In Japan the Pharmaceutical Affairs Law (PAL) permits individual import of both approved and unapproved drugs, as long as you have a prescription from Japanese physician.

Should we expect the Tamiflu to crash this winter the previous individual import record of Thalidomide (reportedly about 500,000 tablets were imported before the approval)?

Tamiflu is sold in Japan in two formulations: 75 mg capsules and 3% dry syrup, as the cost for 1-day treatment is 727.4 Yen for capsules and 1,392.5 Yen for the syrup. 

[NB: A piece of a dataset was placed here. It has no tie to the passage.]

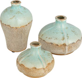 This set of terra-cotta vases with a distressed finish adds charm and character to any home. These terra-cotta vases are designed to look like old-fashioned pottery with unglazed bottoms and reactive glaze tops, giving them a rustic and cozy appeal. These vases are perfect for displaying faux, dried, or real flowers in any room. They can also create a contrast with the greenery of the plants, making them stand out and catch the eye. The set includes three different shapes and sizes. Vase 1 measures 3.5 inches round and 6 inches high. Vase 2 measures 5 inches round and 4 inches high. Vase 3 measures 4 inches round and 3.25 inches high. These rustic terra-cotta vases with distressed finish are a lovely way to add some personality and style to any home.

Reported below in Yomiuri Shimbun:



Shortages push Tamiflu prices up 10-fold


Online purchases have depleted stocks. One agent offers 10 capsules of Tamiflu, or oseltamivir, imported from the United States for 30,000 yen, excluding shipping charges. "One U.S. company recently told us the price had risen to more than 300 dollars. We need to raise ours to 38,000 yen just to show a profit," the company’s president said. According to the company, which has acted as an import agent for six years, demand for Tamiflu remained low until last year when 10 capsules could be obtained for 8,000 yen. The government in 2001 designated the drug to be covered by national health insurance.

Purchase orders for Tamiflu surged early this month following an increase in news reports on the spread of a new type of influenza and the government’s announcement of its plan to further stockpile the flu-fighting drug. The company received orders for about 20 sets in the past week. Another agent, which offers Tamiflu for 25,000 yen, said it was out of stock and had a waiting list of about 100 people.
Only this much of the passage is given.